-------- GIVEN RECORDS
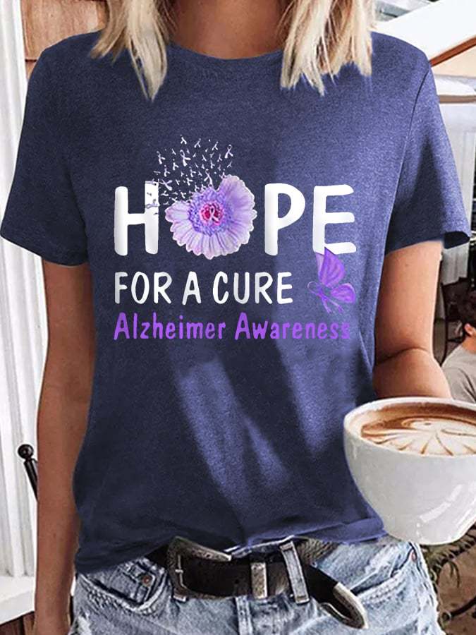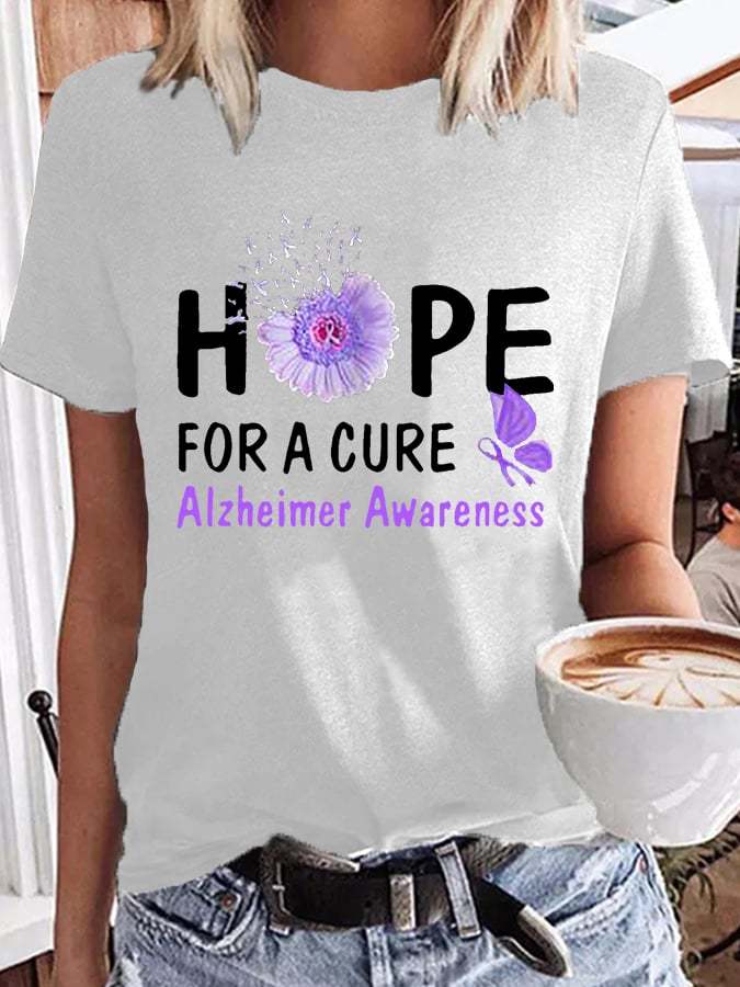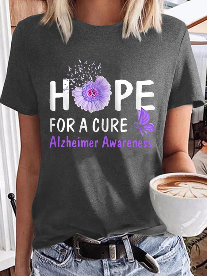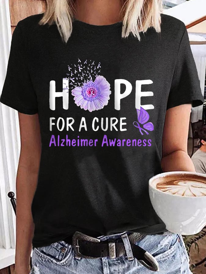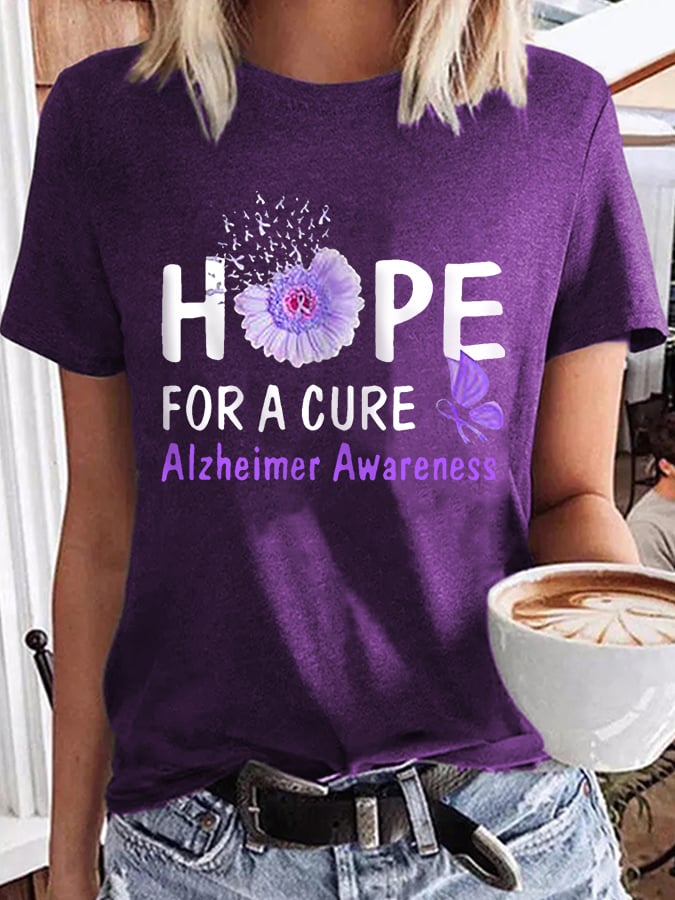 Women's Hope For A Cure Sunflower Purple Ribbon Alzheimer's Awareness Fighter Supporter Tee
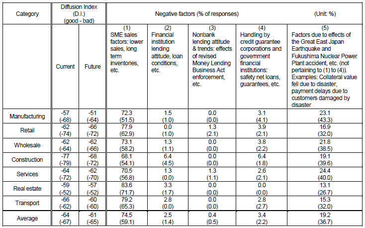 * For details, please go to the FSA's web site and access “Business Sentiment etc. of Small and Medium-sized Enterprises - Questionnaire Survey Results Summary” (September 30) at the Press Releases section. (Available in Japanese only)
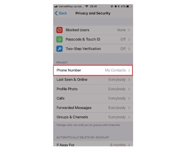 Telegram sử dụng số điện thoại để đăng ký tài khoản. Do đó, số điện thoại cũng sẽ được truy cập để giúp bạn bè trong danh bạ hoặc người khác tìm thấy và kết nối với nhau. Tuy nhiên, trong trường hợp bạn không muốn người lạ tìm thấy mình trên Telegram thì chỉ cần thực hiện ẩn số điện thoại đi là xong. Tính năng này đem tới sự riêng tư và gia tăng độ bảo mật hơn cho người dùng khi sử dụng ứng dụng.
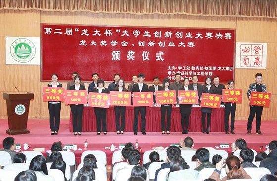 12月11日,山东农业大学食品科学与工程专业学生董铭、李秀清等35名学子,在“龙大奖学金、创新创业大赛”颁奖仪式上领到了乐竞颁发的奖学金,获得龙大集团奖励的还有10个大学生创新创业团队。
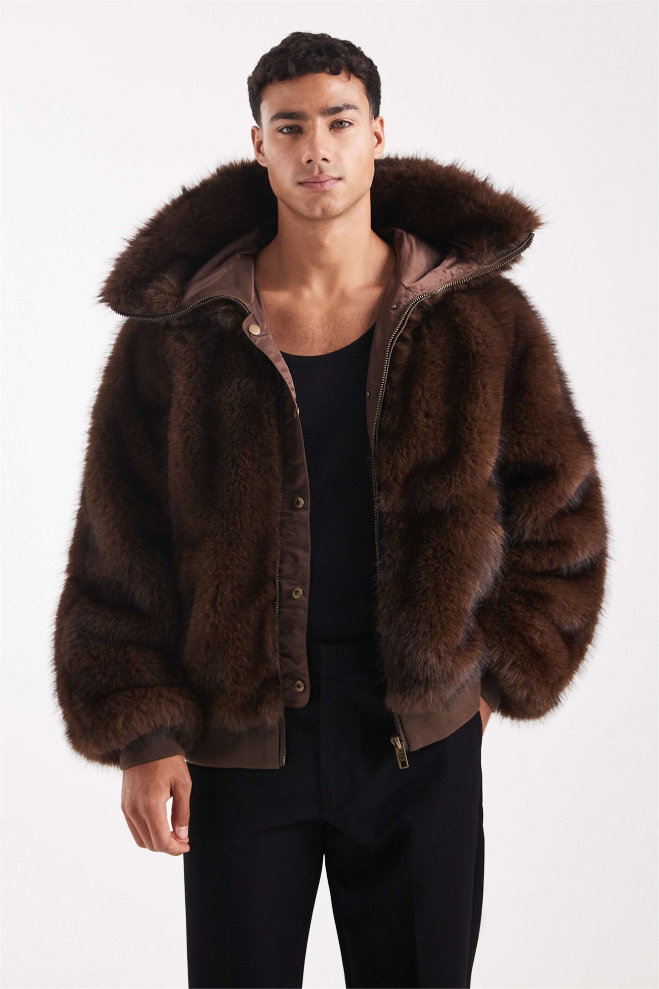 Куртка с капюшоном из искусственного меха свободного кроя
----------------
== WORK INSTRUCTIONS ==
Exactly the lines from the one with "Telegram sử dụng" through the end of the entries above must be written out, and no pictures may be included.

== TASK OUTPUT ==
 Telegram sử dụng số điện thoại để đăng ký tài khoản. Do đó, số điện thoại cũng sẽ được truy cập để giúp bạn bè trong danh bạ hoặc người khác tìm thấy và kết nối với nhau. Tuy nhiên, trong trường hợp bạn không muốn người lạ tìm thấy mình trên Telegram thì chỉ cần thực hiện ẩn số điện thoại đi là xong. Tính năng này đem tới sự riêng tư và gia tăng độ bảo mật hơn cho người dùng khi sử dụng ứng dụng.
 12月11日,山东农业大学食品科学与工程专业学生董铭、李秀清等35名学子,在“龙大奖学金、创新创业大赛”颁奖仪式上领到了乐竞颁发的奖学金,获得龙大集团奖励的还有10个大学生创新创业团队。
 Куртка с капюшоном из искусственного меха свободного кроя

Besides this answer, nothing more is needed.